The sealing substrate 17 needs to be a base material having low moisture and oxygen permeability. Examples of the material include ceramics such as alumina, silicon nitride, and boron nitride, glass such as alkali-free glass and alkali glass, metal foil such as quartz, aluminum, and stainless steel, and moisture-resistant film. Examples of moisture-resistant films include films formed by CVD of SiOx on both sides of plastic substrates, films with low permeability and water-absorbing films, or polymer films coated with a water-absorbing agent. The water vapor transmission rate is preferably 10 ⁻⁶ g / m ² / day or less.

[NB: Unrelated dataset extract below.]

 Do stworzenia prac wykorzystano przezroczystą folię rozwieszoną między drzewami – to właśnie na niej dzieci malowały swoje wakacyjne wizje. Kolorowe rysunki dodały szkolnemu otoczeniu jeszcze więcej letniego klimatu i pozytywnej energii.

  Examples of the material of the adhesive layer 18 include a photo-curing adhesive resin, a thermosetting adhesive resin, a two-part curable adhesive resin, and ethylene ethyl acrylate ( EEA) Acrylic resins such as polymers, vinyl resins such as ethylene vinyl acetate (EVA), thermoplastic resins such as polyamide and synthetic rubber, and thermoplastic adhesive resins such as acid-modified products of polyethylene and polypropylene. it can. Examples of methods for forming a resin layer on a sealing material include solvent solution method, extrusion lamination method, melting / hot melt method, calendar method, nozzle coating method, screen printing method, vacuum laminating method, hot roll laminating method, etc. Can be mentioned. If necessary, a material having hygroscopicity or oxygen absorption may be included, and a gap agent for controlling the height of the adhesive layer 18 may be mixed. Although the thickness of the resin layer formed on a sealing material is arbitrarily determined by the magnitude | size and shape of the organic EL element to seal, about 5-500 micrometers is desirable.

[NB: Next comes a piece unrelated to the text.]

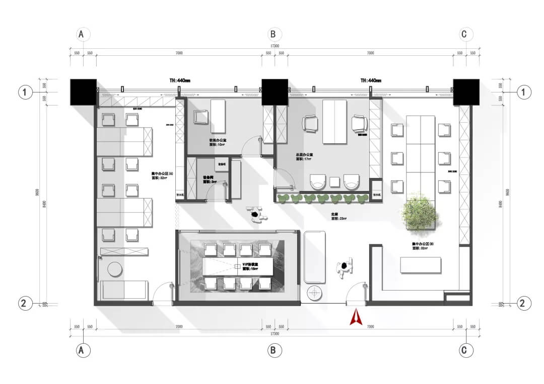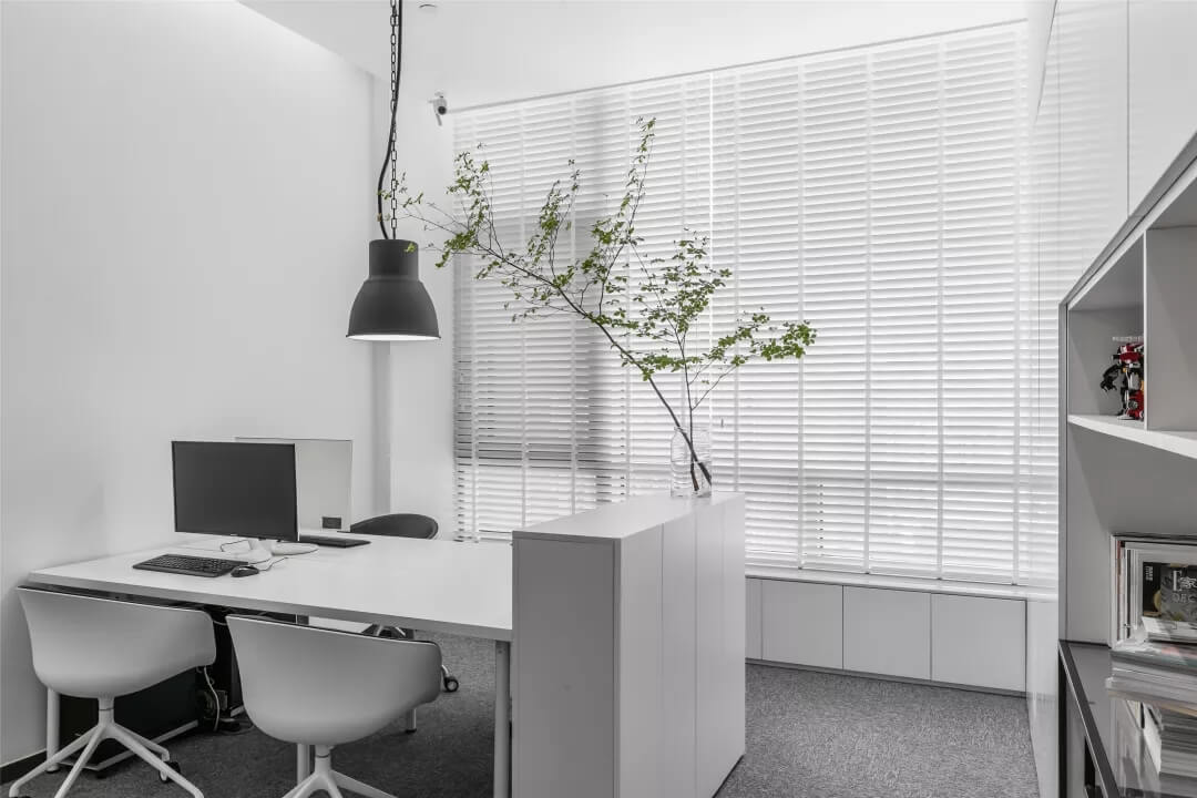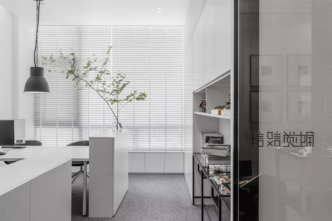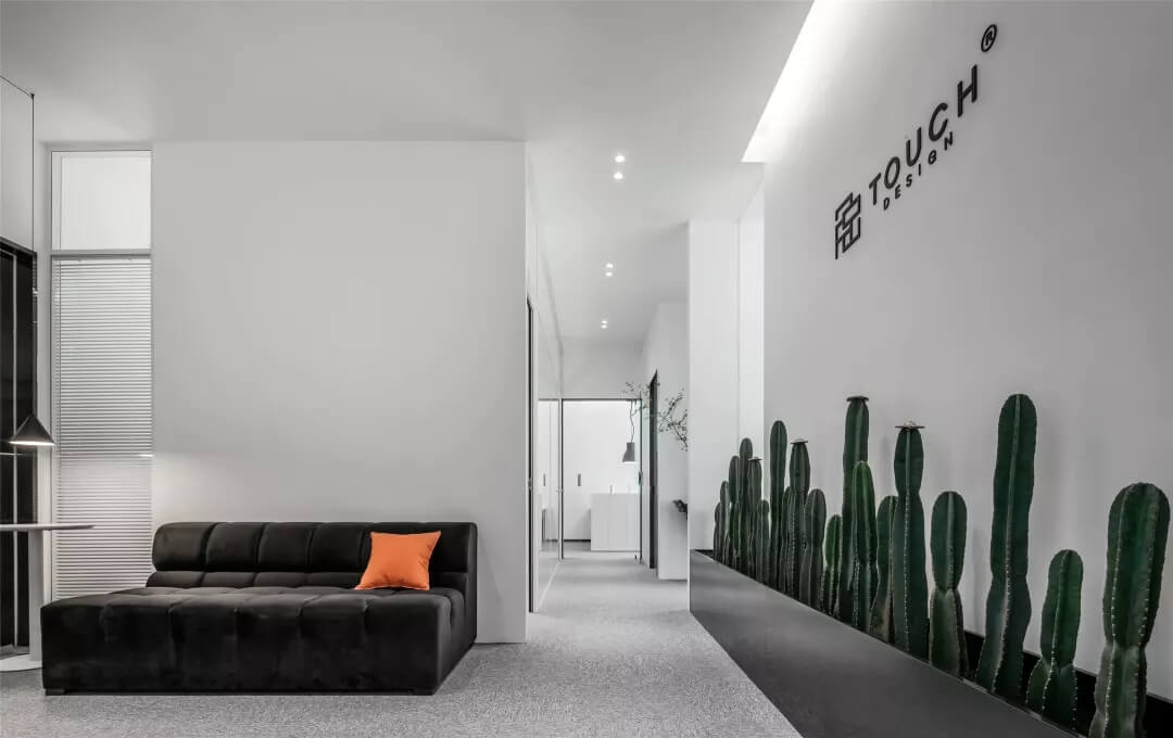 刪繁就簡(jiǎn),以最經(jīng)典的白色為主題搭配色調(diào),沒(méi)有繁瑣的辦公室設(shè)計(jì)和過(guò)多的裝飾,減去辦公中的壓抑感。通過(guò)將自然純凈的白色與沉靜黑色相結(jié)合,將品牌形象簡(jiǎn)潔地呈現(xiàn)表達(dá),同時(shí)為左右空間的過(guò)渡創(chuàng)建和諧觀感。純白的墻面,接近心靈的澄凈;仙人掌是視覺(jué)的焦點(diǎn),恣意生長(zhǎng)、堅(jiān)韌、夯實(shí)根基,也正寓意著公司的設(shè)計(jì)理念:有所依、有所仗、有所長(zhǎng)。

  Next, an embodiment of the present invention will be specifically described, but the present invention is not limited to this.

Example 1
A glass substrate was used as the substrate 11, and an ITO electrode was sputter-formed on the first electrode 12 as a first electrode 12 and then patterned by a photolithographic etching method.

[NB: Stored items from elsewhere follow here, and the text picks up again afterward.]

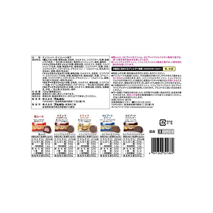 원재료:설탕,식물성 기름지,전분유,카카오 마스,코코아 버터,유당,건조 딸기 분말/유화 제(대두 유래),착색료(비트 레드),향료,신맛료 설탕,식물성 기름지,카카오 마스,전분유,밀크 시럽(생젖,설탕,무지방 우유,식물성 기름지),코코아 버터,유당,양주,코코아 파우더,버터 오일,덱스트린/솔《비토루》,유화 제(대두 유래),주정,향료(유유래) 설탕,식물성 기름지,카카오 마스,전분유,코코아 버터,밀크 시럽(생젖,설탕,무지방 우유,식물성 기름지),유당,커피,양주,코코아 파우더,버터 오일,덱스트린/솔《비토루》,주정,유화 제(대두 유래),향료(유유래) 설탕,전분유,카카오 마스,식물성 기름지,코코아 버터,유당,크림(유성분을 포함한다),버터 오일/유화 제(대두 유래),향료 설탕,카카오 마스,식물성 기름지,전분유,가당연유,양주/유화 제(대두 유래),향료
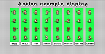 ■ Material introduction 15 characters. Each character has 8 sets of actions. This includes wait action, walk action, run action, attack action, defensive action, attacked action, use item action, death action.
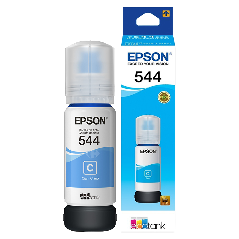 Tinta fotográfica original Epson de alta densidad de color para impresoras de sistema continuo L3110, L3210, L3250 y L3150. Disponible en los cuatro colores: Amarillo (T544A), Negro (T544BK), Cian (T544C) y Magenta (T544M).
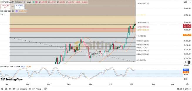 Platin de tekrar 1619 usd nin aşağısına gelmedikçe alım fırsatı vermeyebilir. 1619 usdnin aşağısına düşerse 1574.5 usd iyi alım yeri olur.
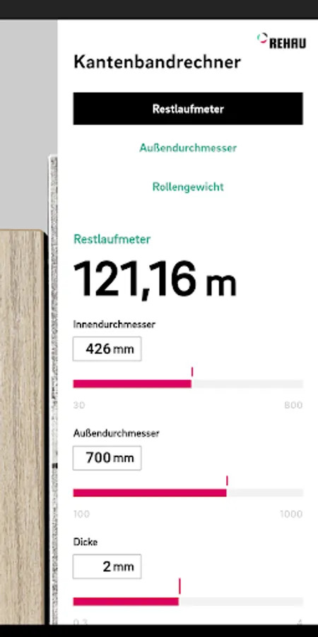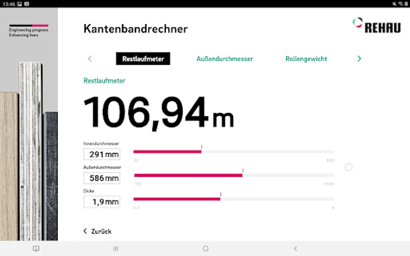 - Use the edge calculator to calculate the remaining running meters, the outer diameter of the roll or the weight
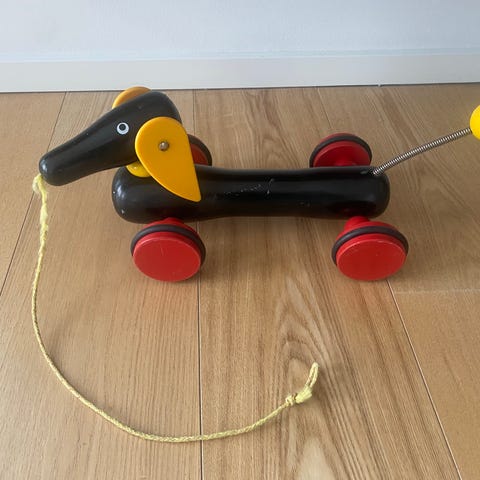 Flot gravhund til at trække rundt med. Kroppen har 3 led. Massivt træ. Ører der hænger frit. Gaven til alle gravhundeelskere, som jeg selv.
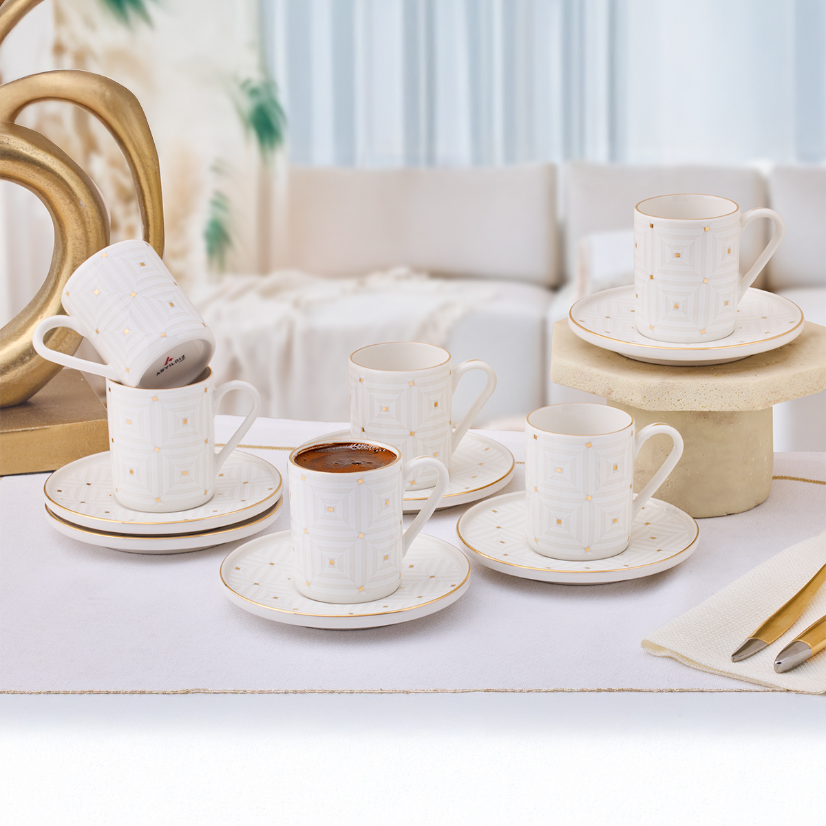 Aryıldız Dore 12 Parça 6 Kişilik Kahve Fincan Takımı 90 ml
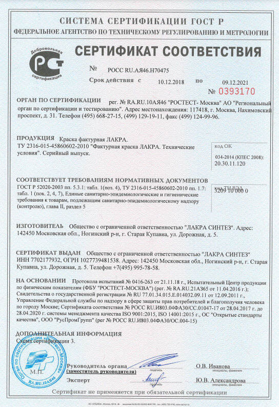| Дополнительная информация | состав: водная акриловая дисперсия, диоксид титана, мел, молотый мрамор, гидроксиэтилцеллюлоза, целевые добавки; время корректировки фактуры: в течение 1 часа; время высыхания до потери подвижности: 2-6 часов; полный набор твёрдости и прочности происходит в течение 7-10 суток; при колеровке: пропорция на 1 кг краски не более 50 г колера; допускается транспортировка краски при температуре до минус 35°С |
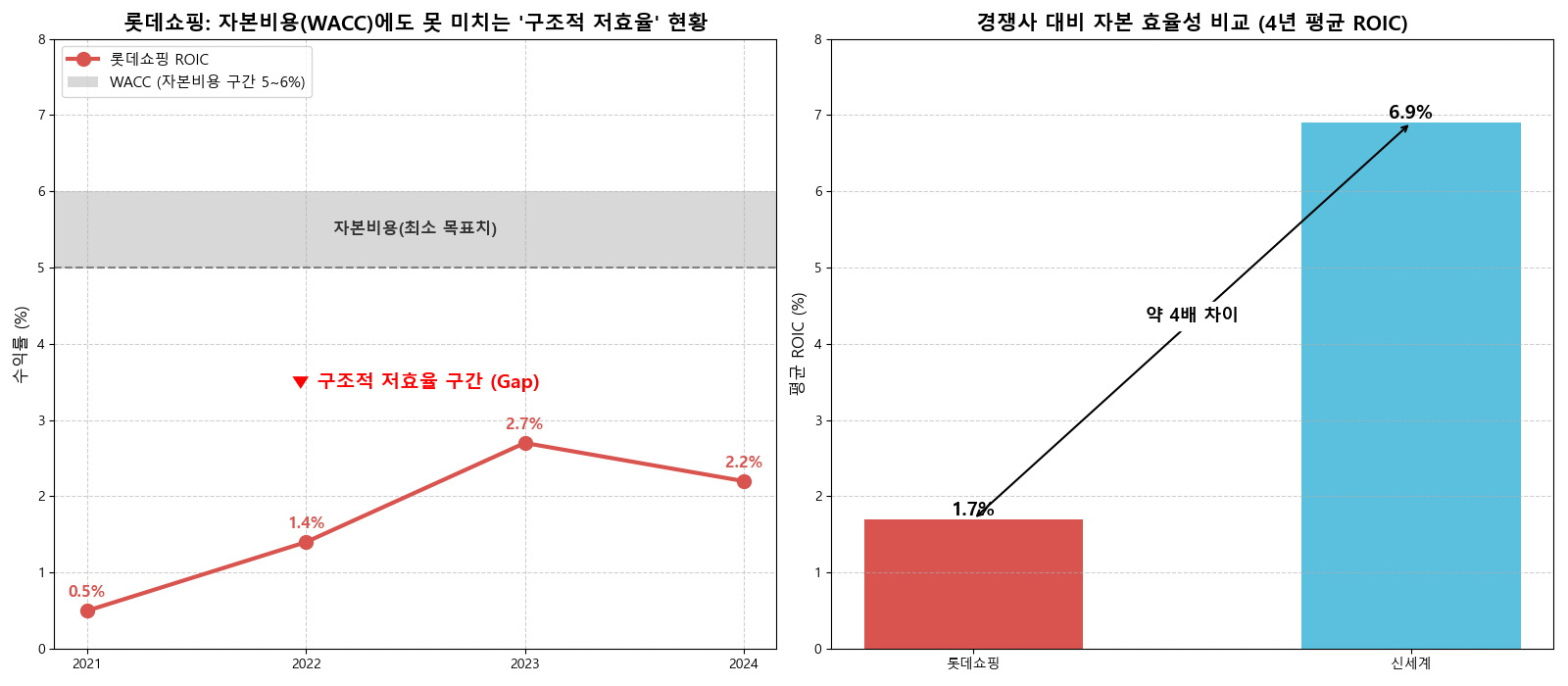 문제는 이 수치가 롯데쇼핑의 가중평균자본비용(WACC)인 5~6%를 크게 밑돈다는 점이다. WACC는 기업이 자본을 조달하기 위해 주주와 채권자에게 지불해야 하는 최소한의 비용(이자+배당)이다. 즉, 롯데쇼핑은 5~6%의 비용을 들여 자금을 운용하고 있지만, 실제 수익률은 그 절반에도 못 미치는 1~2%대에 머물고 있다는 의미다. 경제학적으로 이는 기업이 영업을 할수록 주주 가치를 훼손하는 ‘가치 파괴(Value Destruction)’ 상태에 놓여 있음을 뜻한다.

  Next, a photosensitive polyimide resin was formed by coating with a thickness of 2.0 μm by a slit coating method, and lattice-like partition walls 13 were formed by an exposure / development process.

  Next, slit coating was performed on the grid-like partition walls 13 to a thickness of 2.0 μm using a material in which 10 wt% of zeolite was mixed in a negative photosensitive resin as the dot spacers 14. A pattern was formed at the intersections of the grid-like partition walls 13 by an exposure and development process.

  Next, using the relief printing plate 19 arranged in parallel with the second partition 132 that is perpendicular to the AB direction of FIG. 2 with respect to the opening, which is a region 133 partitioned by the lattice partition 13, The ink-like polymer hole transport material 20 was formed by printing and dried to form an organic light-emitting medium layer 15 having a thickness of 50 nm. As the polymer hole transport material, a polythiophene derivative (PEDOT) was used, which was dispersed in water to form an ink.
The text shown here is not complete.